Why expansion tank is needed
Why does the water heater in my new house have another small tank hanging off the side of the pipe above it?
That is an expansion tank installed on the water supply pipe to the water heater. Its purpose is to deal with thermal expansion of water as it heats up in the water heater - to prevent water pressure from getting too high. If water pressure gets high enough it can damage valves in plumbing fixtures, joints in supply pipes and even the water heater.
Thermal expansion always occurs in water heaters. Like most substances, water expands as it is heated. This happens several times a day in a water heater after some hot water has been used in the house, and cold water flowing into the water heater is heated.
Because water is non-compressible, it will increase in pressure if it doesn't have room to expand as it is heated. In the past, the expanding water in water heaters would push some water back out of the house - into the public water main, which could absorb the pressure.

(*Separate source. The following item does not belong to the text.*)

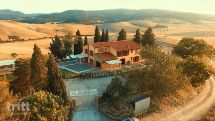 Behalve een gebouw met de 5 appartementen, staan er op het grondstuk ook 2 villas, deze kunt u hier en hier bekijken. Het geheel wordt afgesloten door een hek. Zoals u op de foto kunt zien, ligt de agriturismo heel rustig midden op het platteland van Toscane, omringd door een prachtig glooiend landschap, een auto is echter wel noodzakelijk, ook om boodschappen te doen. U bereikt de structuur via een eigen weg, onverhard.

But that mechanism to relieve pressure doesn't work anymore. The reason is check valves. A check valve is a one-way valve that prevents back flow of water, keeping it from flowing in the wrong direction. Check valves are installed on all connections to the public water supply now. Their purpose is to keep water from flowing back out of the house through the service pipe.
This prevents contamination that might occur in the plumbing within a house or business from contaminating the public water supply in the street. But the flip side of it is that, unless there is some other space for expansion in the system, water pressure builds rapidly in the house as the water heater heats up.

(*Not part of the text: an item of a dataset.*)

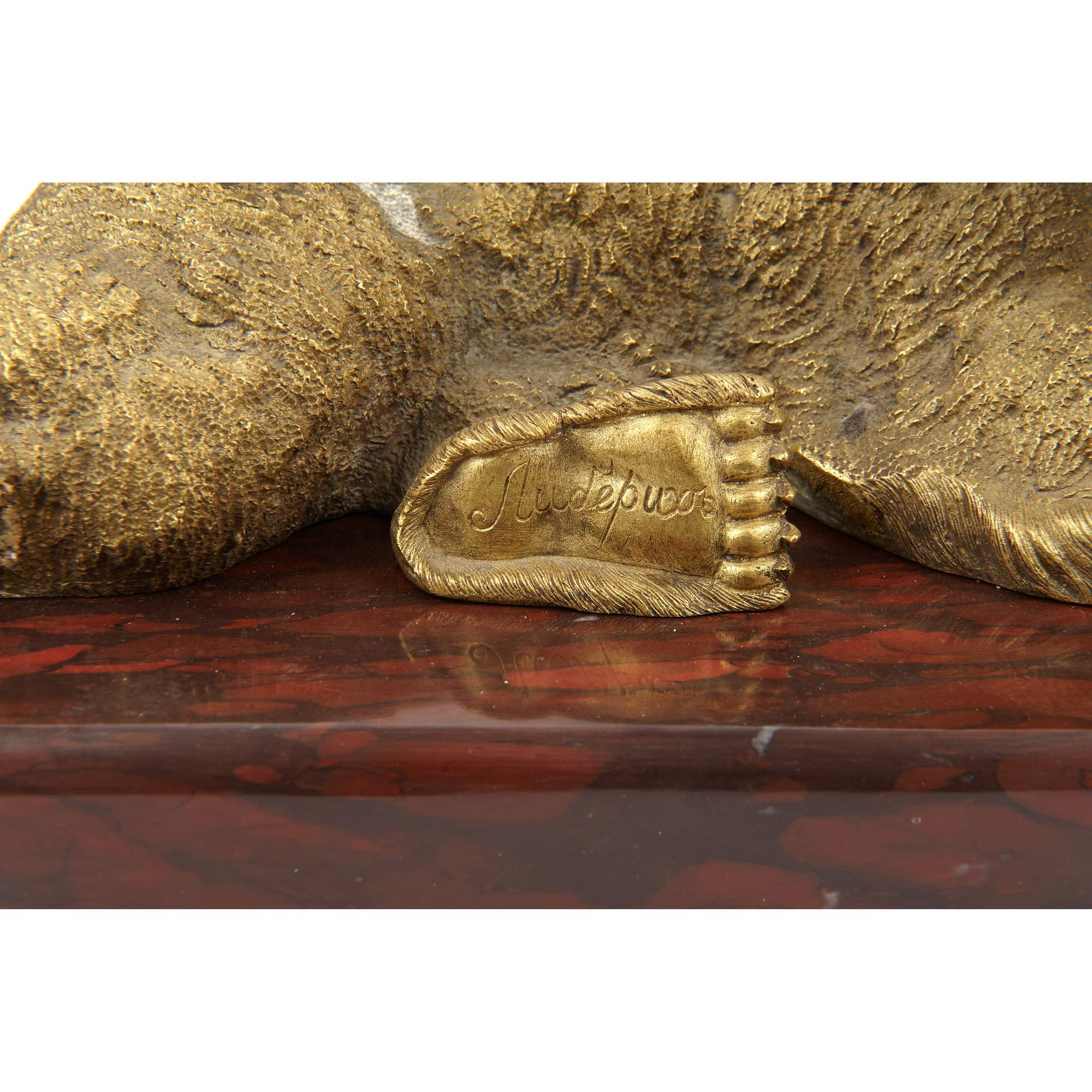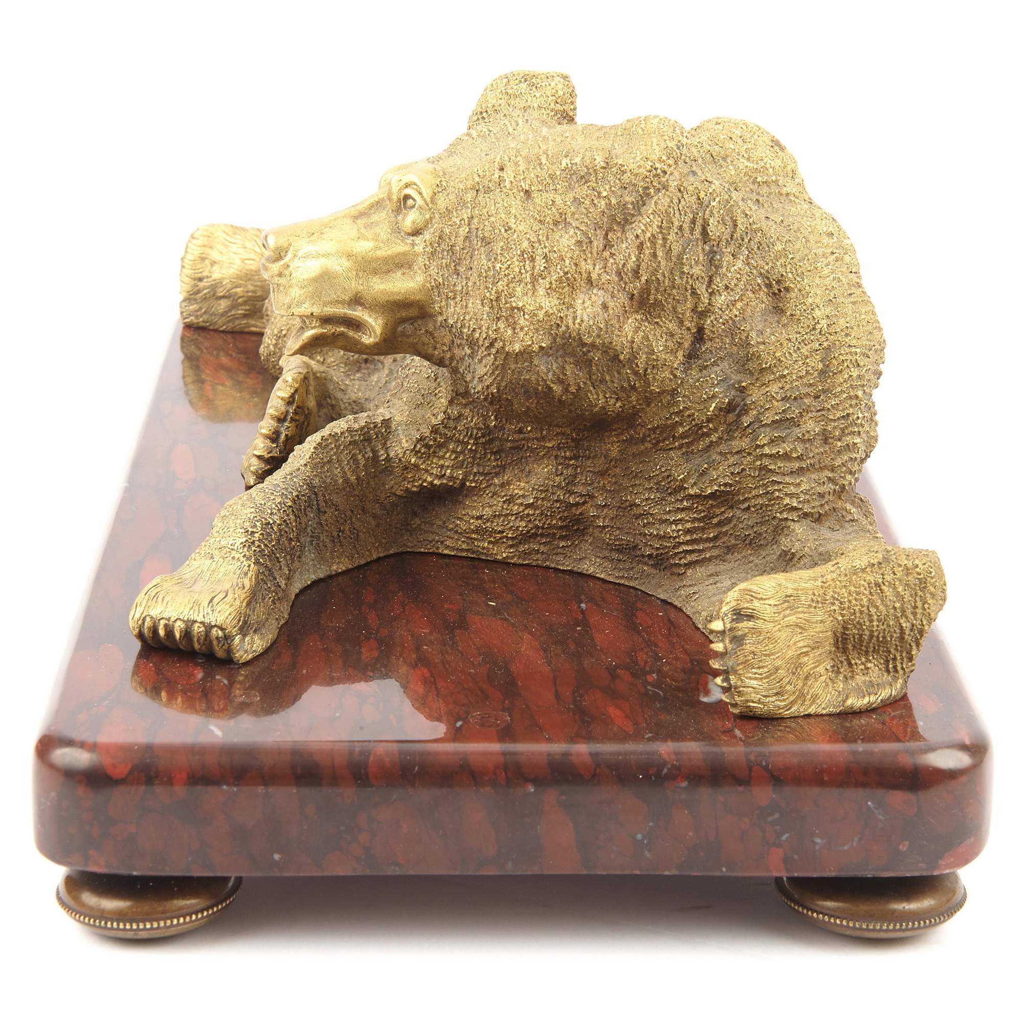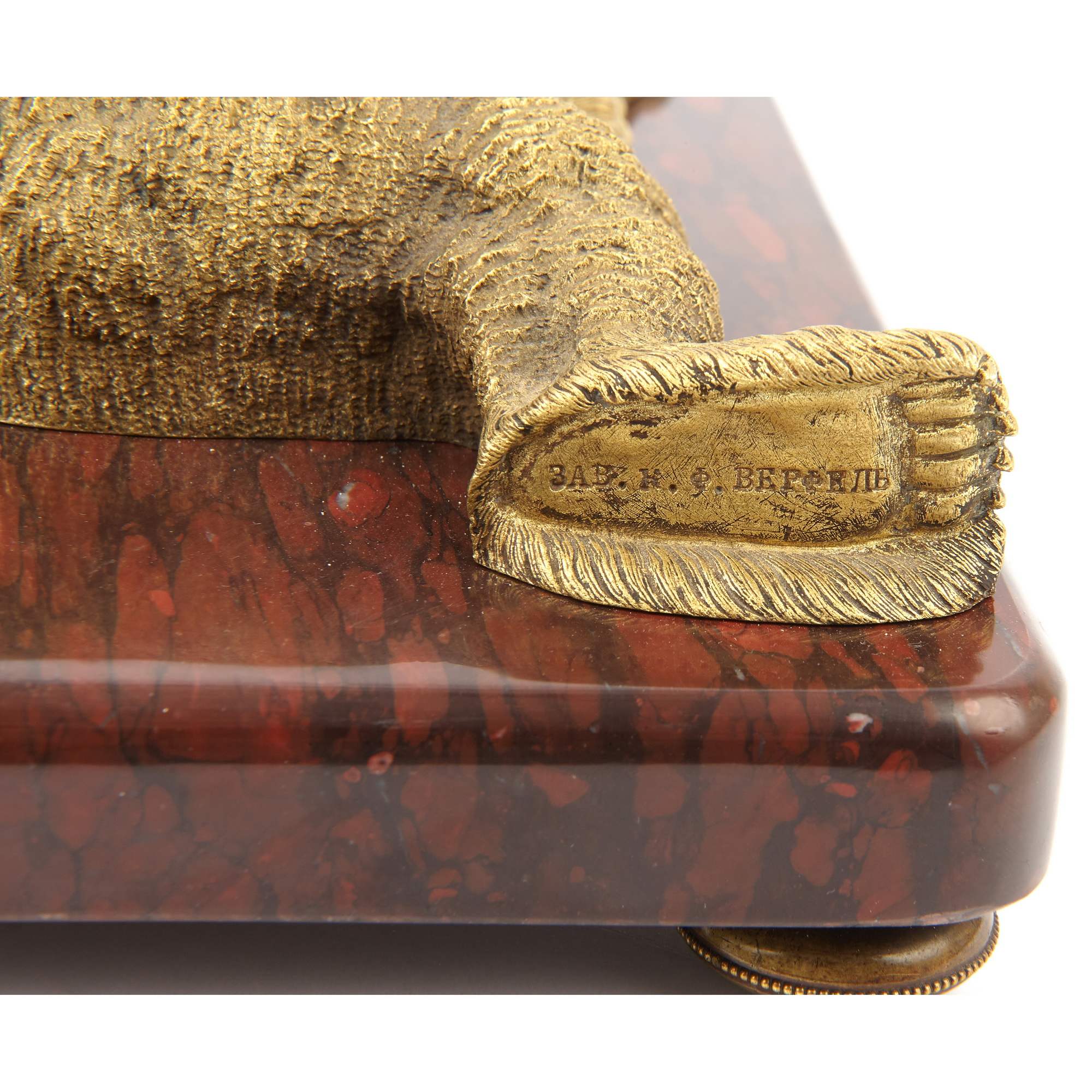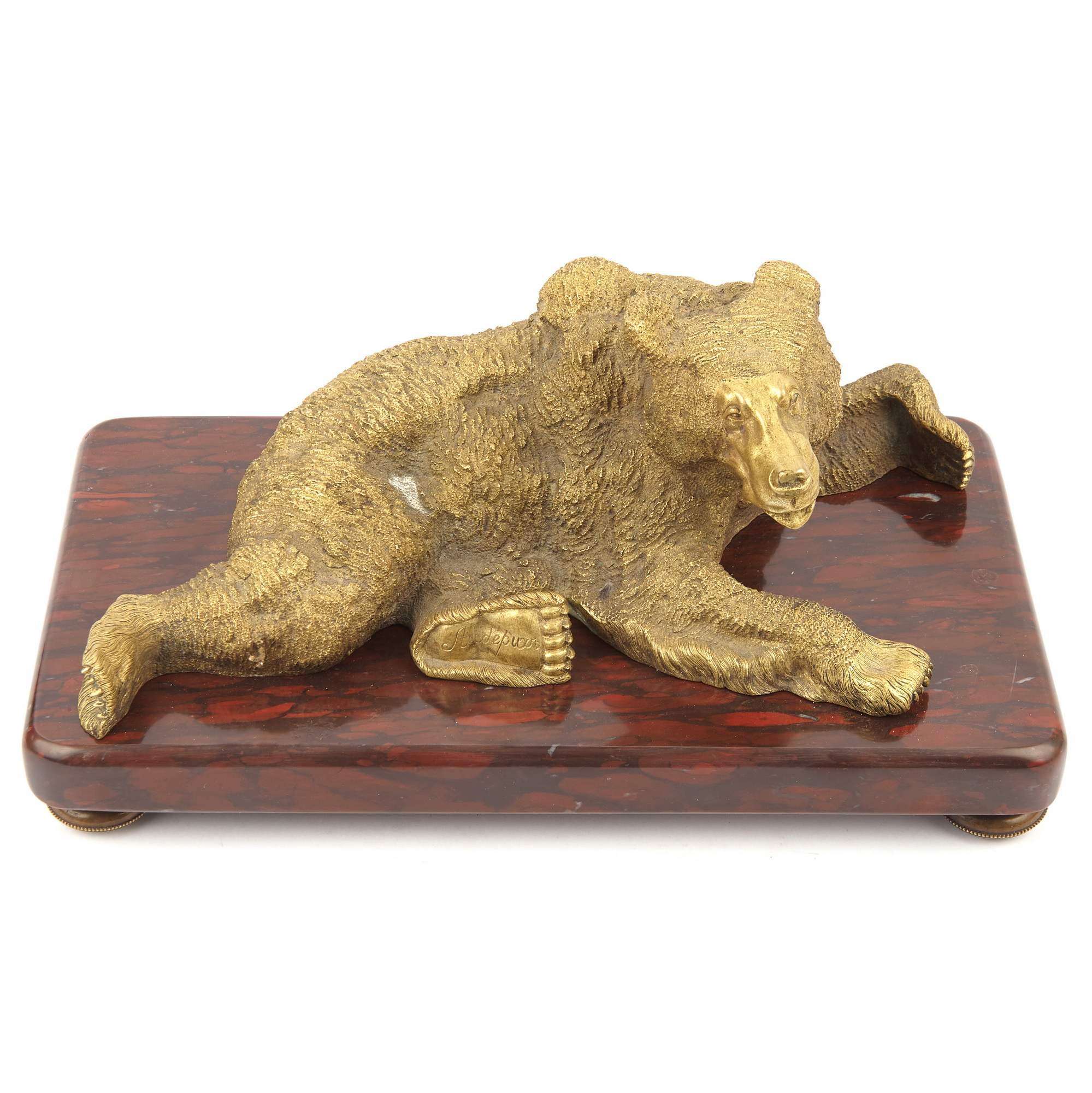 Великолепная скульптурная композиция с изображением лежащей медведицы. Облик могучего животного воспроизведен с натуралистической точностью. Реалистическая его трактовка достигнута особенно тщательной проработкой бронзовой поверхности и виртуозной прочеканкой, максимально правдоподобно передающей внешний вид зверя. Впечатляет искусное изображение в благородном металле как густой шерсти, так и мощных мышц. Золоченая бронзовая фигура гармонично контрастирует с хорошо сохранившимся красным мраморным постаментом. Выполнена скульптура по модели известнейшего русского скульптора-анималиста Николая Ивановича Либериха.

That is where expansion tanks come in. The expansion tank contains air, which is highly compressible. Expanding water from the water heater can flow into the expansion tank, where the air compresses, making room for the increased volume of water. Water pressure in the system doesn't increase significantly.
Most houses that have a check valve on the water service pipe - usually as part of a pressure-reducing valve installed just above or below the main water cutoff - do not have an expansion tank, since it wasn't required until recently. This may or may not cause excessive pressure buildup, depending on the characteristics of the plumbing in a house.
If you've noticed that washers in plumbing fixtures seem to wear out rapidly, or if water drips intermittently from the relief valve on the water heater, consult a plumber about the advisability of adding an expansion tank. The cost is relatively modest.